フェイルオーバー操作は、プライマリ・サイトが使用可能になると実行され、通常は計画されていない操作です。元のプライマリ・データベースに障害が発生し、プライマリ・データベースを適時にリカバリできる可能性がない場合は、スタンバイ・データベースのプライマリ・データベースへのロール・トランジションを実行できます。

プライマリ・データベースに障害が発生した時点でプライマリ・データベースとターゲット・スタンバイ・データベースに一貫性があったかどうかによって、データが損失する場合があります。フェイルオーバー手順はスイッチオーバー手順と似ていますが、かわりにデータベースでスイッチオーバー操作を実行します。

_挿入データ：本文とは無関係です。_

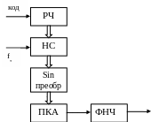 С помощью синусоидального преобразователя осуществляется переход от кода фазы к коду отсчетов самого колебания. Из кода отсчета этого сигнала с помощью ПКА формируется непрерывный сигнал.
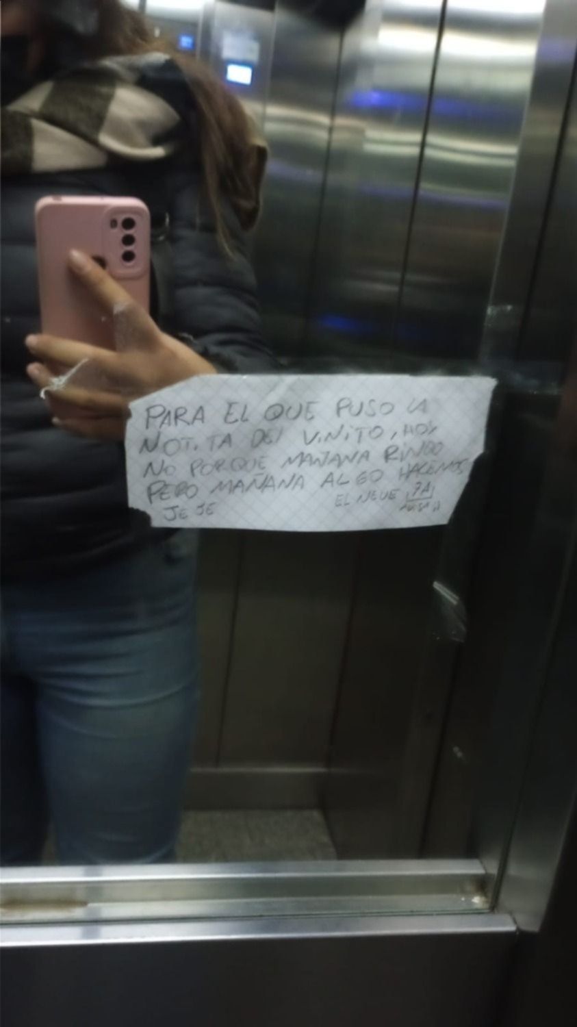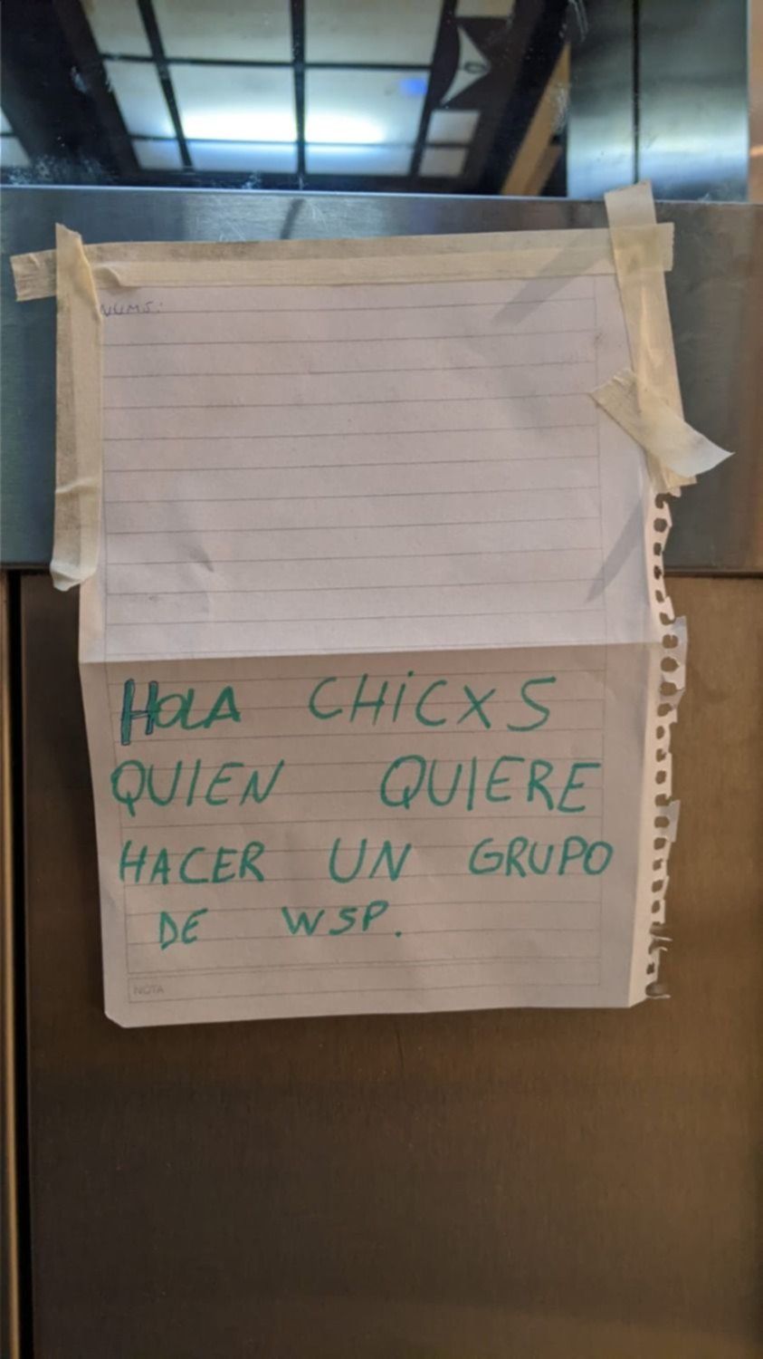 "Hola chicxs. ¿Quién quiere hacer un grupo de WhatsApp?", se lee en el último mensaje, colgado este mismo miércoles en las paredes del ascensor. Resta esperar, ahora, para saber si finalmente las charlas se volverán virtuales o si este curioso intercambio casi epistolar seguirá deleitando a quienes viven en el lugar.
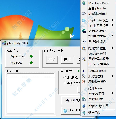 phpstudy2014是一个PHP调试环境的程序集成包,程序自带FTP服务器,支持多用户,无需再安装FTP服务器。自带网站挂马监视器,随时记录文件的修改情况,让挂马文件无处可逃。该程序不仅包括PHP调试环境,还包括了开发工具、开发手册等.总之学习PHP只需一个包,能够一次性一键安装好php网络调试环境,是站长们新建网站的好帮手。全面适合Win2000/XP/2003/win7 操作系统,支持IIS和Apache、Nginx、Lighttpd。同时自带FTP服务器,支持多用户,无需再安装FTP服务器。自带网站挂马监视器,随时记录文件的修改情况,最大程度保证用户的文件安全。该软件最大的一个亮点就是php扩展,以前修改配置文件都要跑到安装目录里面一个一个的找,但是现在用户使用软件即可以直接在菜单里直接修改,而且还可以一目了然的看到那些扩展已经使用,哪些未启用。本站提供

通常、フェイルオーバー操作は、停止がプライマリ・リージョンに影響したときに実行されます。したがって、プライマリで実行できないタスクがある場合があります。たとえば、ホストにアクセスできないため、プライマリでOracle WebLogic Serverプロセスを停止できない場合があります。

  1. 可能な場合は、プライマリ・サイトのWebLogicサーバーを停止します。
  2. DNS名をスイッチオーバーします。
  3. データベースをフェイルオーバーします。

    ノート:

    Oracle Autonomous Database Serverlessを使用する場合、フェイルオーバー・リンクは、プライマリ・データベースが使用できず、スタンバイ・データベースが使用可能な場合にのみ表示されます。APIを使用して、いつでも手動フェイルオーバーを開始できます
  4. セカンダリ・サイトのサーバーを起動します。
  5. フェイルオーバー操作が終了し、以前のプライマリサイトが再度アクセス可能になったら、次の手動タスクを実行して、システムを将来のスイッチバック用に準備する必要があります。
    1. 失敗したサイトでOracle WebLogic Serverプロセスを停止します。
      フェイルオーバー中にそれらを停止しなかった場合、プロセスがハングしている可能性があります。停止していることを確認します。
    2. Oracle Autonomous Database Serverlessの場合、障害が発生したプライマリを手動で回復する必要はありません。
      手動のOracle Autonomous Data Guardフェイルオーバー後、スタンバイ・データベースは自動的に再接続されるか、リージョンがオンラインに戻ったときに自動的に(透過的に)再プロビジョニングされます。
    3. Oracle Autonomous Database on Dedicated Exadata Infrastructureの場合、「詳細」ページから、失敗したコンテナ・データベースを有効なスタンバイ・ロールに回復します。
      フェイルオーバー後、スタンバイ・コンテナ・データベースのロールが「プライマリ」になり、プライマリ・コンテナ・データベースのロールが「使用不可」状態の「無効スタンバイ」になります。
    4. (新しいプライマリから新しいスタンバイへの)構成レプリカの正しい実行を確認します。